_WHAT THIS TASK INVOLVES:_ For the entries below, copy exactly the line that contains "Engaging conversation with" through the line that contains "יצחק לודן וחבר בבית דפוס של הבונד", both ends included, and exclude all pictures.

Records from a data collection:
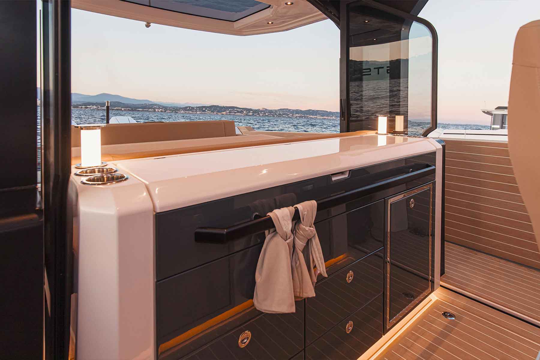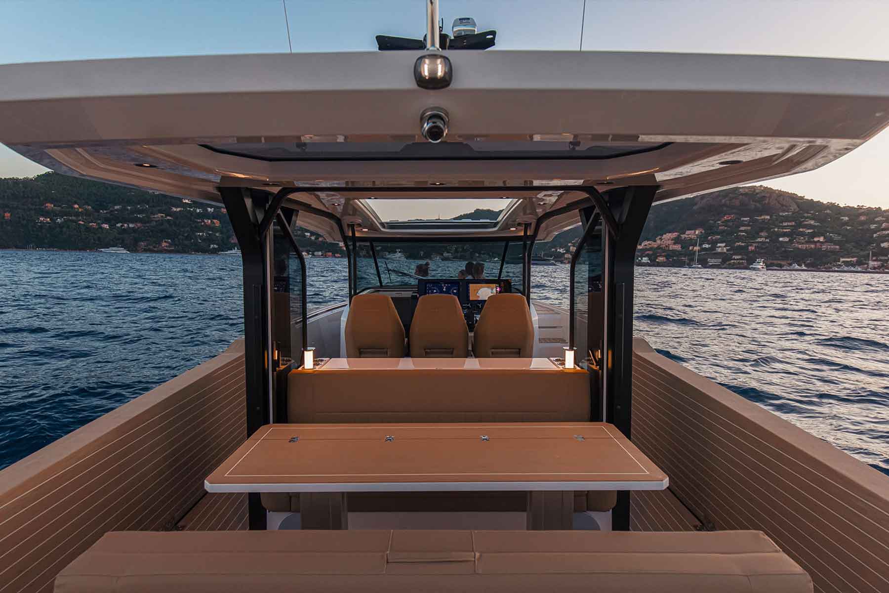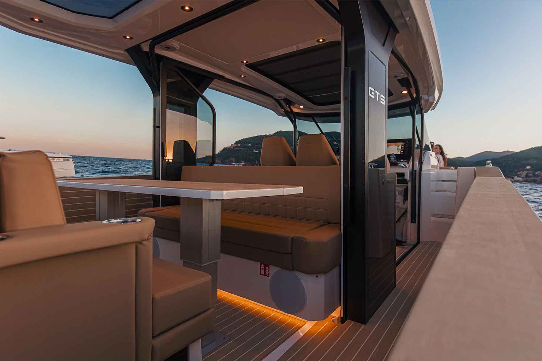 The Saxdor 400 GTS is the purest expression of open boating in the Saxdor 400 series. With its walkaround layout, sleek glass shielding around the helm, and signature folding terraces that expand your connection to the water, it redefines the open-air experience. Modular seating and convertible sunbeds seamlessly adapt to your plans, creating an effortless flow for lounging, socializing, or thrilling rides. Built on the same agile twin-stepped hull as its siblings, the GTS delivers a dynamic, responsive drive, while ensuring everyday usability with thoughtful protection and space solutions.
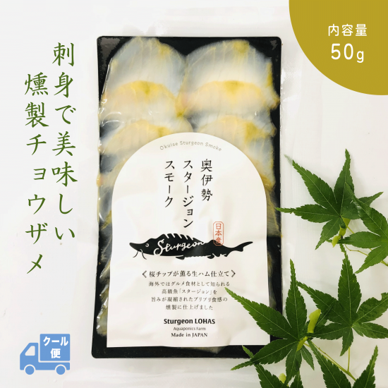 ・美味しいスタージョン(チョウザメ)の身を燻製
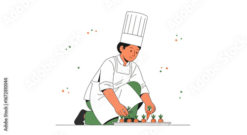 Elegant Chef Arranging Miniature Carrots Culinary Precision Food Presentation
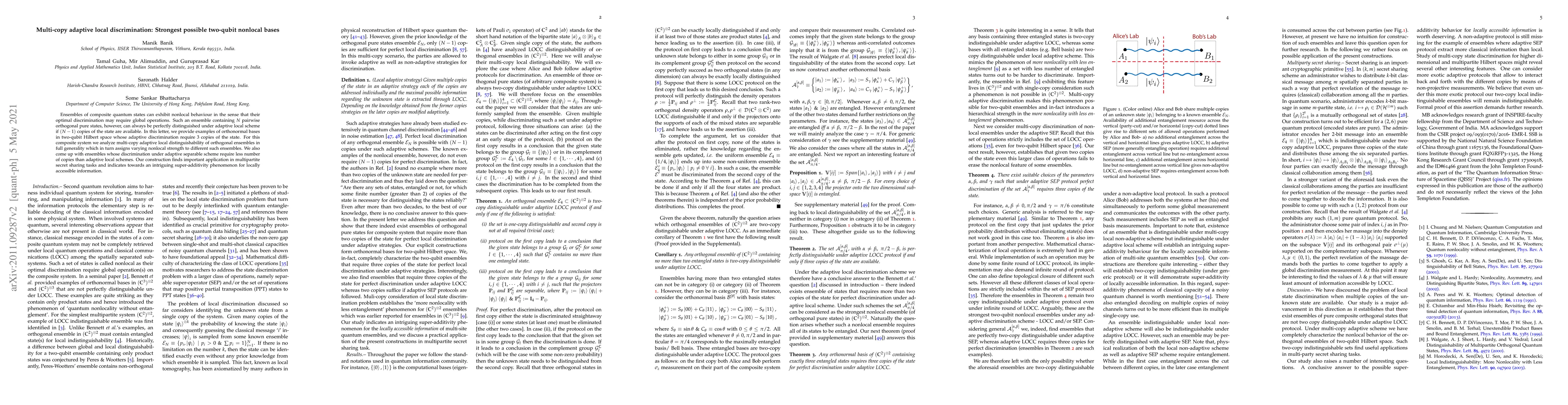 This paper explores multi-copy adaptive local discrimination of two-qubit nonlocal bases, demonstrating that certain orthonormal bases require three copies for optimal discrimination. It reveals ensembles with varying nonlocal strength and highlights a super-additivity phenomenon in locally accessible information, with implications for multipartite secret sharing.
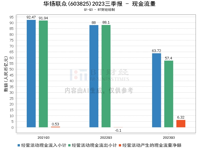 在现金流量方面,华扬联众2023年三季度的经营活动产生的现金流量净额为6.32亿元,相比上年同期的-1014.85万元,现金流量净额显著增长。经营活动现金流入小计为63.72亿元,相比上年同期的88亿元,现金流入有所下降。经营活动现金流出小计为57.4亿元,相比上年同期的88.1亿元,现金流出有所下降。这表明公司的现金流量状况有所改善。
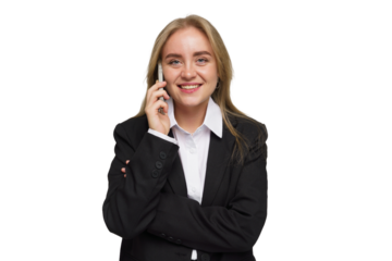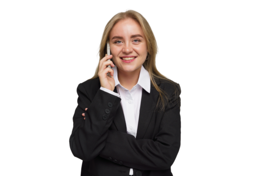 Engaging conversation with a friendly smile from a young woman using a smartphone in a bright, empty background
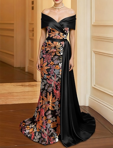 A-Linie Pouzdrové Na zem Večerní šaty Plesové Elegantní Vinobraní Květinový Bez rukávů Úzký výstřih Zahradní slavnost Svatební Satén Záda "jako nabíraná voda" s Květinový potisk Rozparkem
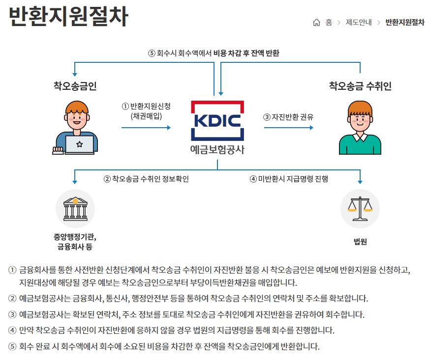 착오송금 반환지원정보시스템 : https://kmrs.kdic.or.kr/ko/index.do
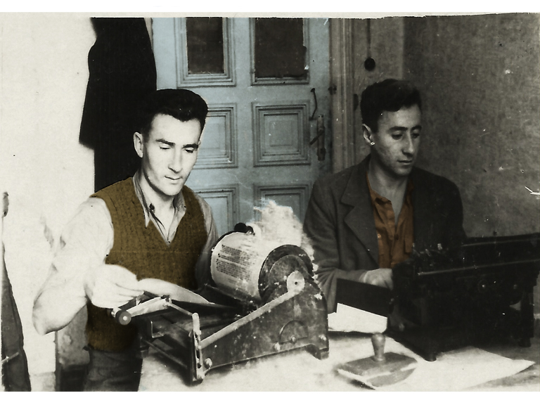 יצחק לודן וחבר בבית דפוס של הבונד
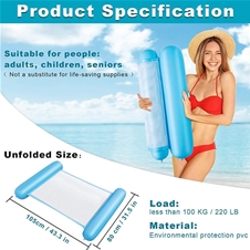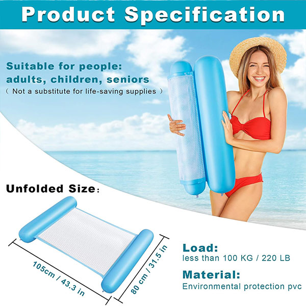 Kombinacija trpežnega PVC-ja in vzdržljive najlonske mreže zagotavlja stabilnost, dobro nosilnost in dolgo življenjsko dobo. Blazina je izjemno praktična, saj se enostavno zloži tudi napihnjena, kar omogoča enostavno prenašanje in shranjevanje.
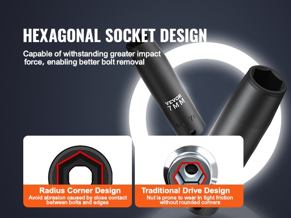 Hylsyjen kuusikulmainen muotoilu luo pienen raon mutterin ja reunojen väliin käytön aikana. Tämä vähentää liiallista kitkaa ja kulumista, kestää suurempia iskukuormia ja auttaa irrottamaan pultit tehokkaasti.
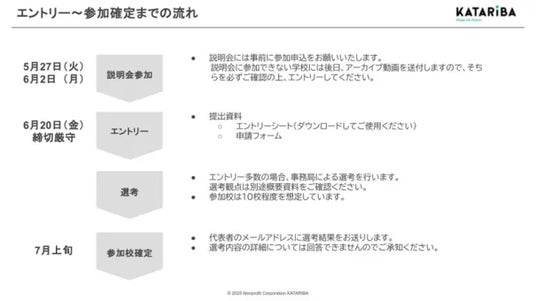 まずは以下に記載の説明会に参加・もしくはアーカイブをご視聴いただいたのち、資料請求いただいた学校の方に応募方法の詳細をお送りいたします。以下フォームよりお申込みください。
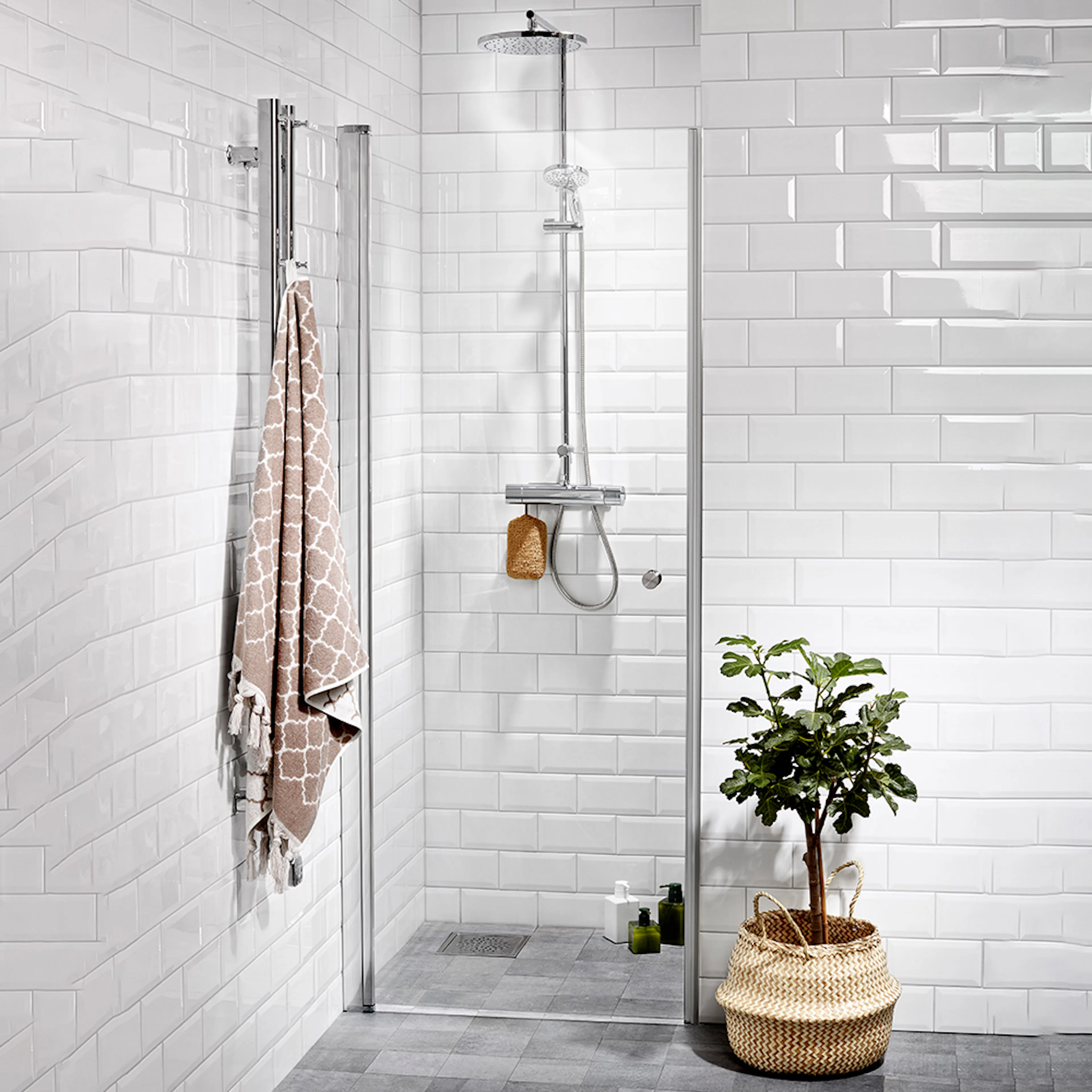 Duschväggen har justerbar väggprofil +/- 10 mm och levereras komplett med 1 duschdörr, dörrknopp och släplist. Nischprofil och magnetlist beställs separat.

_RESULT OF THE TASK:_
 Engaging conversation with a friendly smile from a young woman using a smartphone in a bright, empty background
 A-Linie Pouzdrové Na zem Večerní šaty Plesové Elegantní Vinobraní Květinový Bez rukávů Úzký výstřih Zahradní slavnost Svatební Satén Záda "jako nabíraná voda" s Květinový potisk Rozparkem
 착오송금 반환지원정보시스템 : https://kmrs.kdic.or.kr/ko/index.do
 יצחק לודן וחבר בבית דפוס של הבונד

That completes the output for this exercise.